Atlanta Police officer charged with murder of Deravis Caine Rogers

Atlanta Cop Charged With Murder

A murder warrant was issued on Friday (July 15) for a former Atlanta police officer who fatally shot an unarmed black man who posed no threat to him.

James R. Burns faces charges of felony murder, aggravated assault with a deadly weapon and violation of his oath of office for the June 22 shooting death of Deravis Caine Rogers.

Burns shot Rogers in the head as he tried to drive away from him. Burns lied and said he shot Deravis because he tried to run him over and he feared for his life. However, his dashcam and eye witnesses told a very different story.

“By reason of the evidence presented by several eye-witnesses, videos, and the findings of the Atlanta Police Department, we will proceed in this case in the same manner as any other defendant similarly charged — arrest, indictment and resolution,” saidFulton County District Attorney Paul Howard in a statement.

James R. Burns was fired from the APD on July 1.


On the night of the shooting, Burns arrived at the Monroe Place apartments shortly before midnight after an off-duty officer reported a suspicious person on foot at the apartment complex. Upon arriving, Burns spotted the driver of a 2011 silver Ford Fusion turn on the headlights and start to drive away.

He tried to pull his patrol car into the middle of the road to block the vehicle. But the Ford, driven by Rogers, maneuvered around Burns’ patrol car. The officer then jumped from his vehicle, yelled stop and shot through the passenger side window of the Ford as it drove away. The bullet struck Rogers in lower right side of his head and his car careened down the road before striking a vehicle in the parking lot of Cirque Daiquiri Bar and Grill on Monroe Drive.

Rogers was pronounced dead that evening at Grady.

Burns told APD investigators that Rogers tried to run him over. But investigators reviewed dashcam video that captured part of what happened. Several witnesses were also interviewed and APD determined the evidence did not support Burns’ version of events.

Howard appears to have reached a similar conclusion. The car driven by Rogers, who was unarmed, posed no threat to Burns, according to the DA’s statement. The statement said the Ford driven by Rogers “made no attempt to strike the officer” who was “safely standing at the rear of his own patrol vehicle” when he pulled his trigger.

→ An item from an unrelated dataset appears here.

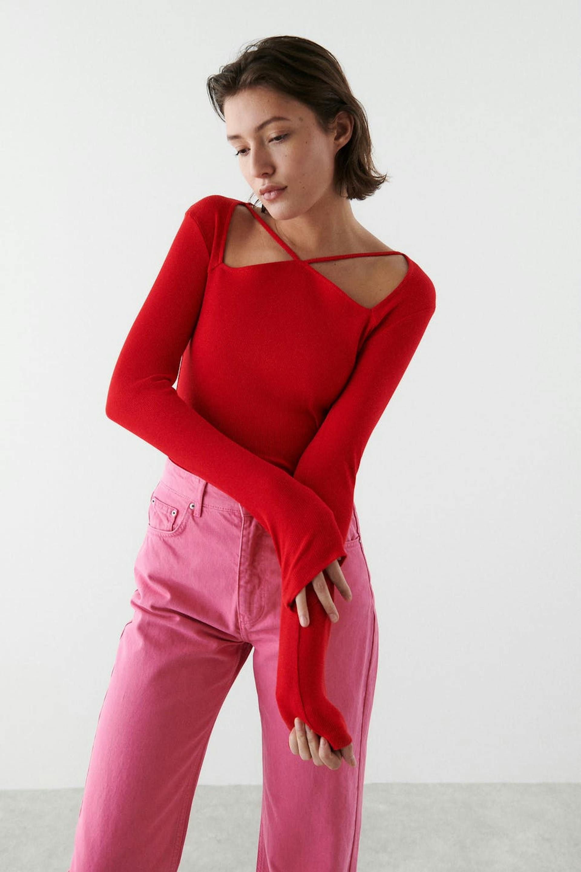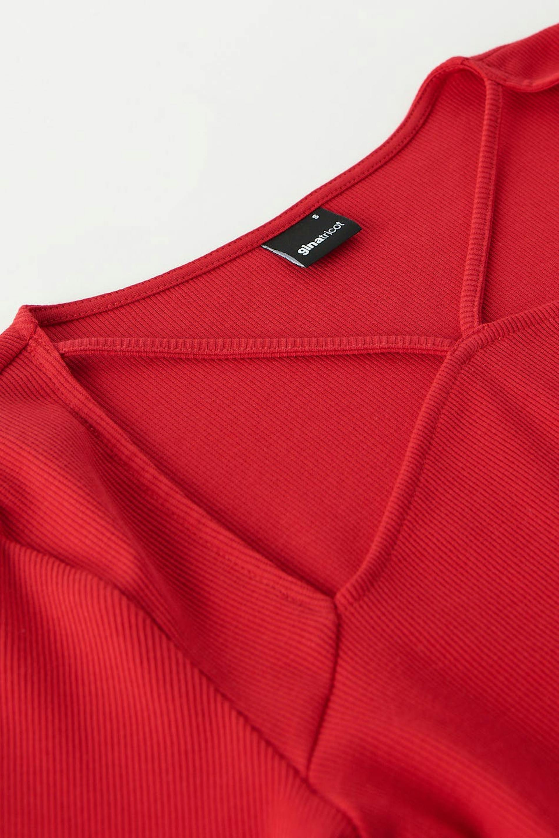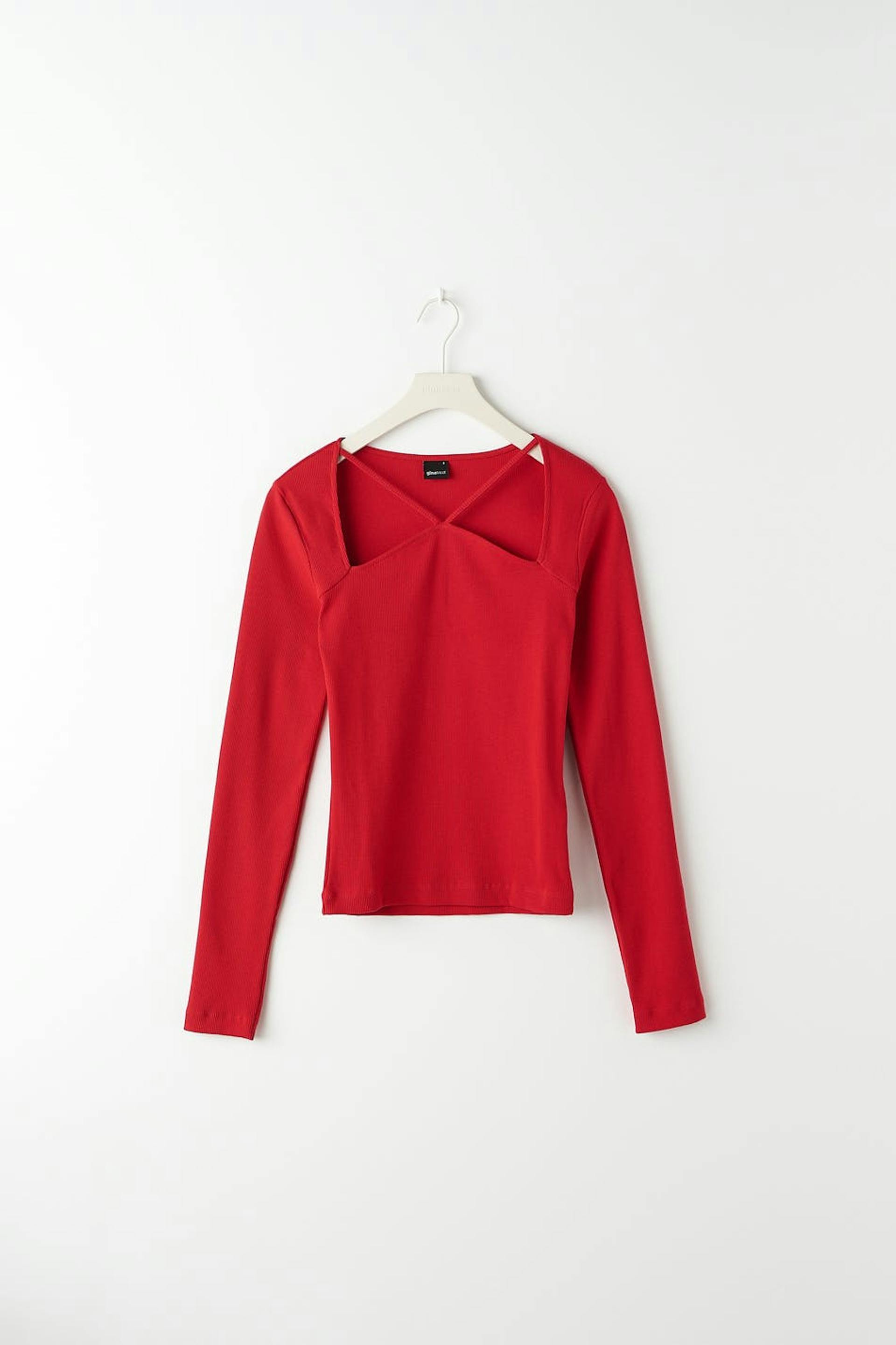 Pitkähihainen toppi neliöpääntiellä ohuilla olkaimilla. Toppi on punainen ja siinä on vartalonmyötäinen sopivuus. Se valmistetaan trikoosta ja siinä on ribattu laatu.
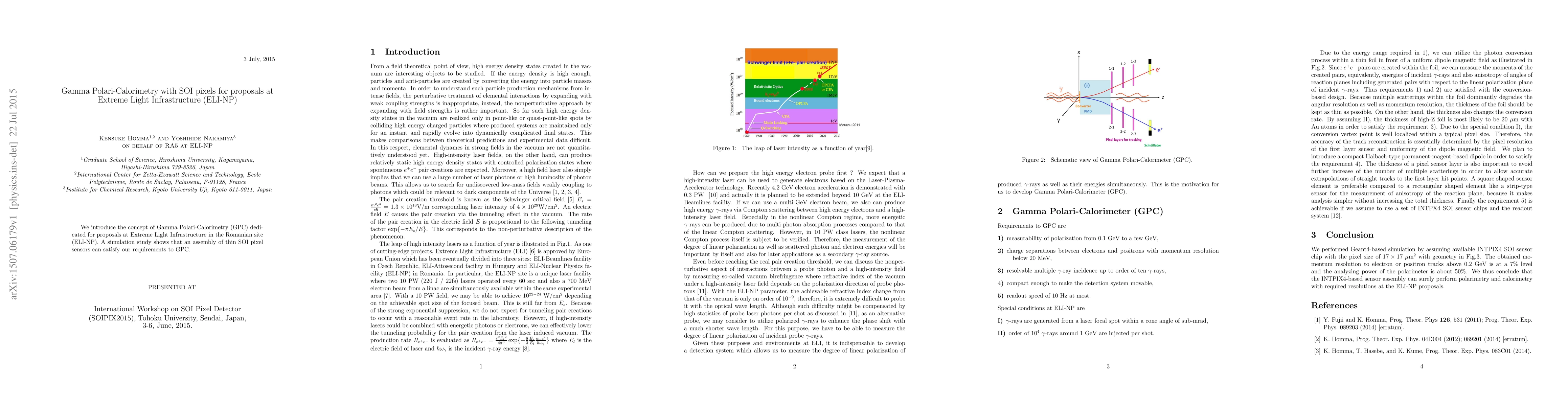 Summary: This paper proposes Gamma Polari-Calorimetry (GPC) for the Extreme Light Infrastructure in Romania (ELI-NP), demonstrating through simulation that an array of thin SOI pixel sensors can meet the necessary GPC requirements.

“At the time of the shooting, Burns was not provided with any facts describing Rogers as a threat to the officer or the public. Neither was Rogers identified as the man the off-duty officer had previously reported,” according to the DA’s statement.

Burns has declined interview requests. In a statement issued earlier Friday, his attorney, Lance LoRusso, offered few details about his clients’ version of events, but said Burns was “forced” to use his weapon. He said his client planned to appeal his termination from the Atlanta police department and urged the public to give Burns the due process he is entitled to.

“The loss of any life is tragic and a thorough investigation is appropriate,” he said. “During this time, just like any other person who is the focus of a criminal investigation, Officer Burns is entitled to a presumption of innocence.”